Dr Shilpa Bhupathiraju, Assistant Professor of Nutrition, Harvard T.H. Chan School of Public Health, is working with the Ambuja Cement Foundation to evaluate the foundation’s CSR program on comprehensive management of non-communicable diseases (NCD) with a focus on prevention of Hypertension and Diabetes. IRC is currently running an evaluation of the NCD intervention through a stepped-wedged trial covering 12 villages in Bhatinda, Punjab. Dr Lindsay Jaacks, the former PI of the research study, and Dr Bhupathiraju have designed the research protocol. The study has run over a few years in the same communities, and the endline was conducted in January 2023. The study is unique, given that it is one of the attempts to estimate the prevalence of high-risk CBAC scores in a large population-based sample. Given that the Government of India aims to undertake population-based screening of all adults for Non-Communicable Diseases, the results of this study are directly translatable for policy action.
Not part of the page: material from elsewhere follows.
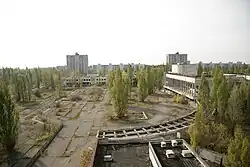 *As of 2019, entry into all buildings in Pripyat is banned, because as the buildings age they become structurally unstable, and the government and most tour groups would rather not deal with the results of a tour group being caught in a cave-in. Experienced guides in some tours, however, know which buildings are "safe" (stable enough) to enter, and will take groups in for photos. If they do, only go where they go as they know what parts of the buildings are stable and what parts aren't. Generally this is limited to the sports facility (the pool) and the roof of an apartment tower. Most of the buildings were 'cleaned' of their radiation during the liquidation process and now contain amounts similar to downtown Kyiv, so the dangers come not from radiation but from the buildings themselves. Places like the amusement park and the main square are still accessible because they don't involve entering any buildings.

The India Research Center held its inaugural symposium on NCDs with the goal of discussing evidence-based best practices from around the globe and emerging models and potential solutions for the Indian context. Learn more here
The findings from theis baseline were published in an article titled “A community-based noncommunicable disease prevention intervention in Punjab, India: Baseline characteristics of 11,322 adults” in the *Indian Journal of Community Medicine*. The article describes the results of a large-scale, community-based non-communicable diseases screening conducted in Punjab, India, using the Government of India’s Community Based Assessment Checklist (CBAC) scoring system. (Read more here – https://journals.lww.com/ijcm/Fulltext/2022/47010/A_Community_Based_Noncommunicable_Disease.6.aspx). Learnings from the baseline and publication were discussed in a webinar in April, 2022. The project is in its final stages with an evaluation of the entire intervention from baseline to endline.